ACTIVITY:
For the word "Трафик", return each line of the data in which it occurs.

TASK INPUT:
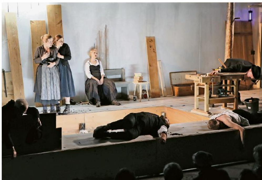
Schreckensvoll sind die Szenen von Gotthelfs «Schwarzer Spinne», die das Theater Kanton Zürich auf die Bühne bringt.
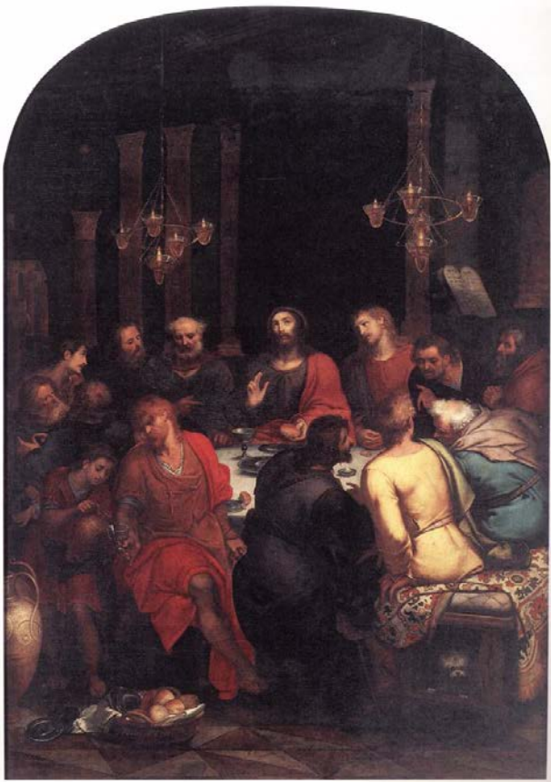
VEEN, Otto van The Last Supper 1592
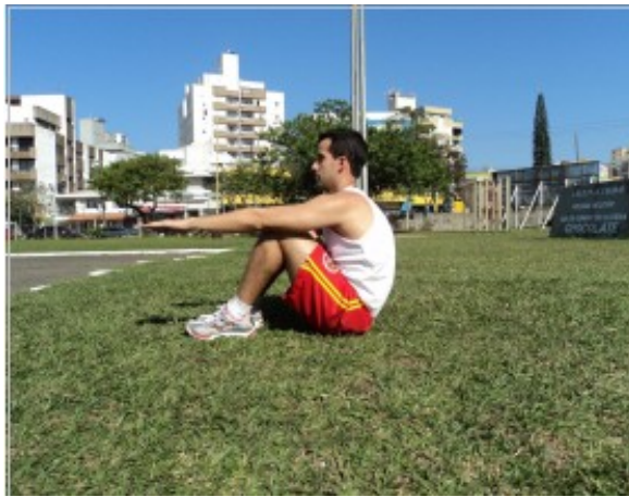
Foto 15: Posição Inicial e Final ( Posição “Um”) - Visão Lateral Foto 16: Posição “Dois” - Visão Lateral
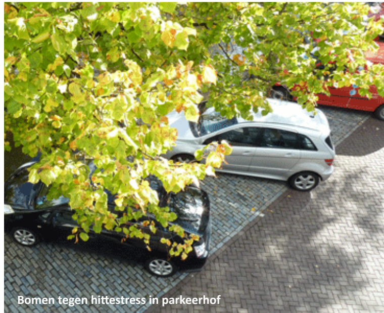
Bomen tegen hittestress in parkeerhof
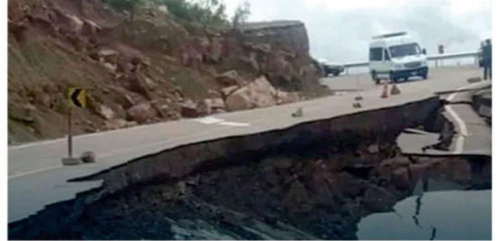
La vía sufrió daños, entre Cochabamba y Toro Toro

gencia, donde hay 6.606 familias afectadas en 284 comunidades y 2.713 hectáreas de cultivos perjudicadas. Además, el municipio de Culpina sumó una nueva víctima de 57 años, con lo que hace un total de cuatro fallecidos a causa de estos eventos adversos.
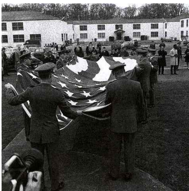
Rupture. Le QG de l'Otan, à Saint-Germain-en-Laye, se prépare à déménager pour Mons, en Belgique.

Mais, pied de nez de l'Histoire, cette bombe était-elle vraiment le produit du retrait de la France de l'Otan ? Huit ans après la rupture de 1966, Valéry Giscard d'Estaing est élu à l'Élysée. L'un de ses premiers visiteurs étrangers n'est autre que Henry Kissinger, secrétaire d'État américain, qu'il reçoit le 5 juillet 1974. Celui-ci vient lui parler des « relations spéciales » existant entre la France et les États-Unis. Le nouveau chef de l'État découvre alors que, malgré tout ce qui s'est raconté, celles-ci ont permis, dans le plus grand secret,
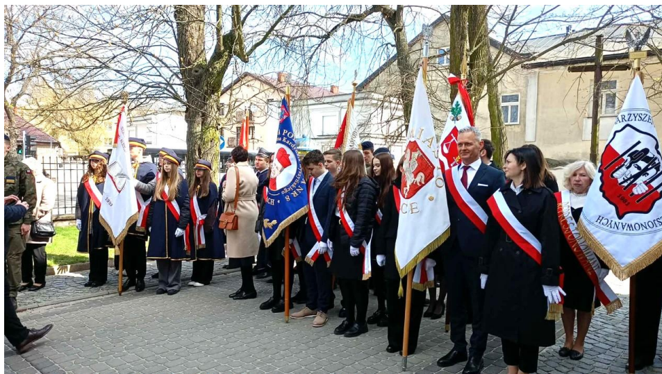
Hołd złożono przy Pomniku Sybiraków znajdującym się także na terenie przykościelnym.
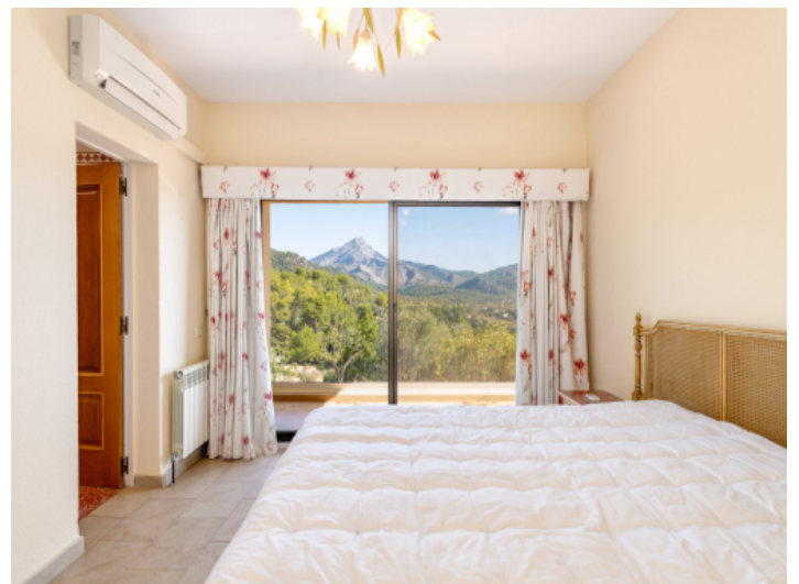
Schlafzimmer mit Terrasse und Weitblick
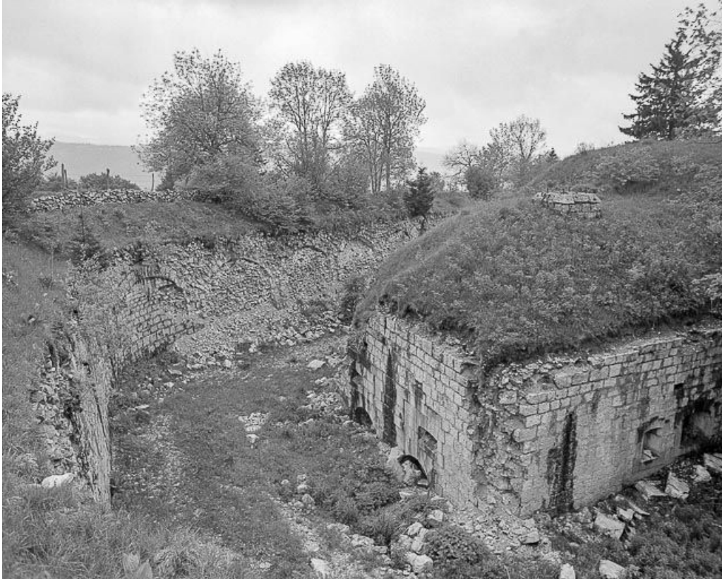
Caponnière défendant le fossé circulaire.

25, Pontarlier, lieudit : le Larmont supérieur
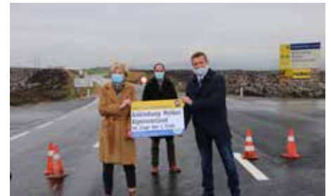
November 2020 Eröffnung Umfah- rung L 5246
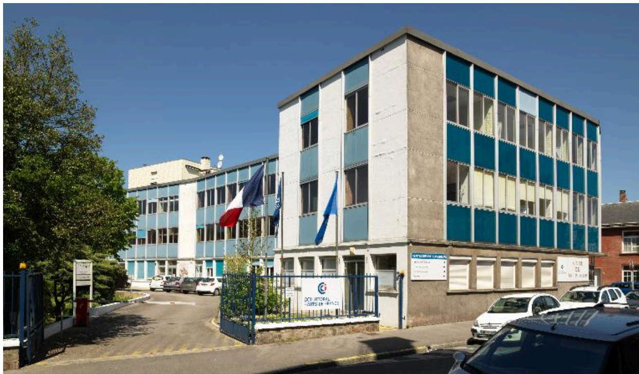
Immeuble de bureaux de la Chambre de commerce. Vue depuis la rue du Chevalier-de-la-Barre.
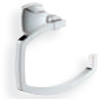
40 625 000 WC-Papierhalter ● ●
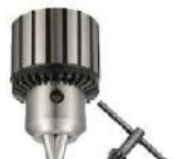
Mandril com chave
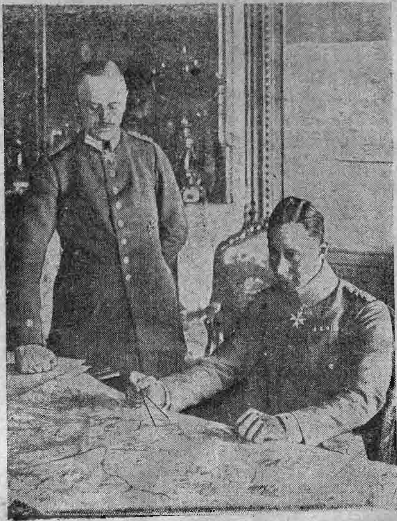
Ὁ Διάδοχος τῆς Γερμανίας μετὰ τοῦ ἐπιτελάρχου του.

ΕΙΚΟΝΟΓΡΑΦΗΜΕΝΗ ΕΠΙΘΕΩΡΗΣΙΣ, ΕΚΔΙΔΟΜΕΝΗ ΔΙΣ ΤΗΣ ΕΒΔΟΜΑΔΟΣ ΕΝ ΚΩΝΣΤΑΝΤΙΝΟΥΠΟΛΕΙ
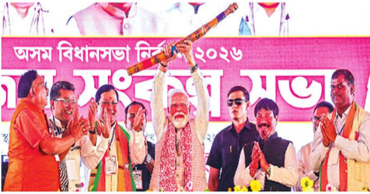
असम के डिब्रूगढ़ की एक विशाल जनसभा चुनावी रेली के दौरान भाजपा उम्मीदवारों के साथ मंच पर पीएम मोदी

जड़ दिल्ली प्रधानमंत्री नरेंद्र मोदी ने असम विधानसभा चुनाव प्रचार की अपनी मुहिम के तहत सोमवार को डिब्रूगढ़ में एक विशाल जनसभा को संबोधित करते हुए विपक्ष पर तीखा हमला बोला। मोदी ने कहा कि उन्हें डिब्रूगढ़ आने का कई बार अवसर मिला है, लेकिन इस बार जो जोश और उत्साह देखने को मिला, वह पहले कभी नहीं देखा। उन्होंने कहा कि वह जनसमर्थन कांग्रेस के लिए चिंता का विषय है और मतदान से पहले यह तयवैरी विपक्ष को परत कर देंगे। पीएम मोदी ने असम की सांस्कृतिक विविधता और एकता को सराहना करते हुए कहा कि यहां विभिन्न समुदाय-अहोम, कोच-राजवंशी, मोरान, मोतोह, मिर्सिंग, देवरी-सदियों से सौहार्द के साथ रहते आए हैं। उन्होंने कहा कि भाषा भले अलग हो, लेकिन सभी का सपना एक है-विकसित असम और विकसित भारत। पीएम
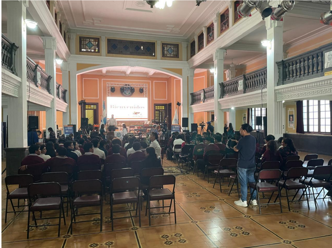
Ilustración 6. Fotografía tomada durante el Concierto Didáctico, del 26 de septiembre de 2025 realizado en el auditorio del Centro Cultural Universitario, Antiguo Parainfo. En la misma se aprecia de espaldas a los estudiantes de la ENMEM "José María Alvarado".
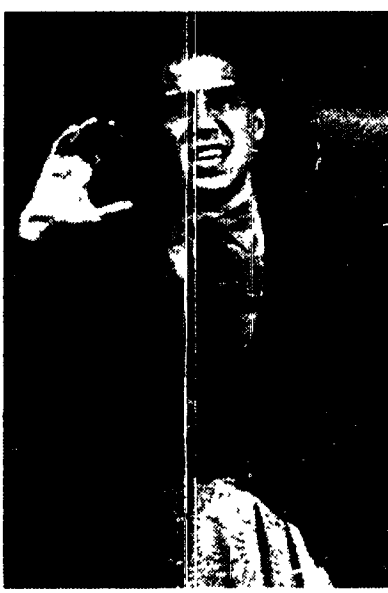
Adriano Celentano sarà stasera a «Notte rock»

ROMA. Versione «stiva di Notte rock in compagnia del re degli ignoranti», alias Adriano Celentano. Il cantante, infatti, ha scelto la trasmissione musicale di Raiuno per organizzare il suo rientro in tv dopo quattro anni di assenza. L'ex mattatore di Fantastico però non ha ancora deciso quando apparirà in video di persona (un'apparizione che preannuncia altre provocazioni via etere) e ha così pensato di ingannare l'attesa presentando alcuni «messaggi» preprodotti. Questa sera, ore 23 in testa alla sigla, un'estratto da una canzone del suo ultimo album, «Il re degli ignoranti», introduce una dichiarazione («Il re degli ignoranti ha deciso di rompere il silenzio e i monologhi di Fantastico, al confronto, erano roba rassicurante...») e un appello rivolto ai giovani letto da due bambini: «Studiate con il cuore. Spero che gli studenti prendano sulle spalle il mondo. E sul video scorrono le immagini dei bambini che hanno vissuto gli orrori della guerra in Irak e il dramma dei curdi.
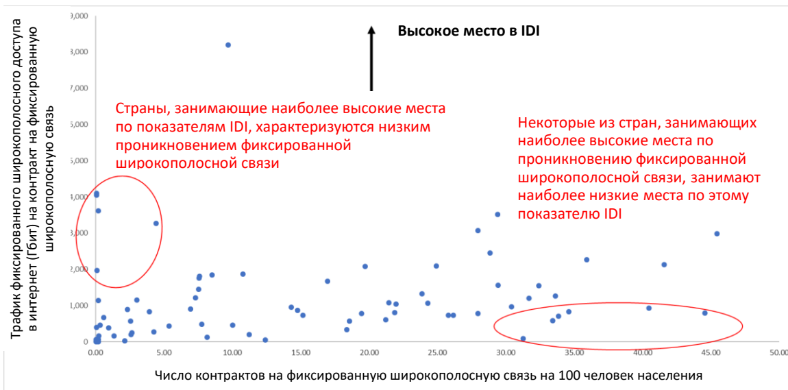
График 3 – Трафик фиксированного широкополосного доступа в интернет на число контрактов на фиксированную широкополосную связь и проникновение фиксированной широкополосной связи

Еще одним примером является добавленный новый показатель "Трафик фиксированного широкополосного доступа в интернет на число контрактов на фиксированную широкополосную связь". Если использовать в качестве знаменателя число контрактов на фиксированную широкополосную связь, страна, в которой число контрактов на фиксированную широкополосную связь невелико, но всеми ими обладают те, кто интенсивно пользуется данными 4 , займет более высокое место, чем страна с миллионами контрактов на фиксированную широкополосную связь при менее интенсивном использовании данных. На Графике 3 показано, что имеется группа стран небольшим числом контрактов на фиксированную широкополосную связь, которая займет высокое место по этому показателю, тогда как существует другая группа стран с большим числом контрактов на фиксированную широкополосную связь, которая займет очень низкое место по этому показателю. Это также будет неверным отражением уровня развития ИКТ в этих странах.
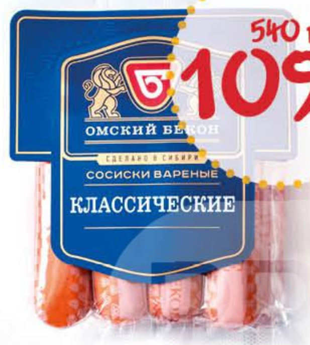
Сосиски ОМСКИЙ БЕКОН Классические
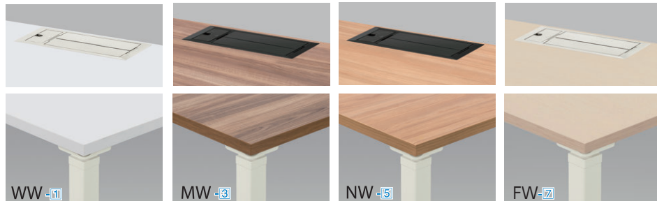
天板/ホワイト 本体/ホワイト

TASK OUTPUT:
График 3 – Трафик фиксированного широкополосного доступа в интернет на число контрактов на фиксированную широкополосную связь и проникновение фиксированной широкополосной связи
Еще одним примером является добавленный новый показатель "Трафик фиксированного широкополосного доступа в интернет на число контрактов на фиксированную широкополосную связь". Если использовать в качестве знаменателя число контрактов на фиксированную широкополосную связь, страна, в которой число контрактов на фиксированную широкополосную связь невелико, но всеми ими обладают те, кто интенсивно пользуется данными 4 , займет более высокое место, чем страна с миллионами контрактов на фиксированную широкополосную связь при менее интенсивном использовании данных. На Графике 3 показано, что имеется группа стран небольшим числом контрактов на фиксированную широкополосную связь, которая займет высокое место по этому показателю, тогда как существует другая группа стран с большим числом контрактов на фиксированную широкополосную связь, которая займет очень низкое место по этому показателю. Это также будет неверным отражением уровня развития ИКТ в этих странах.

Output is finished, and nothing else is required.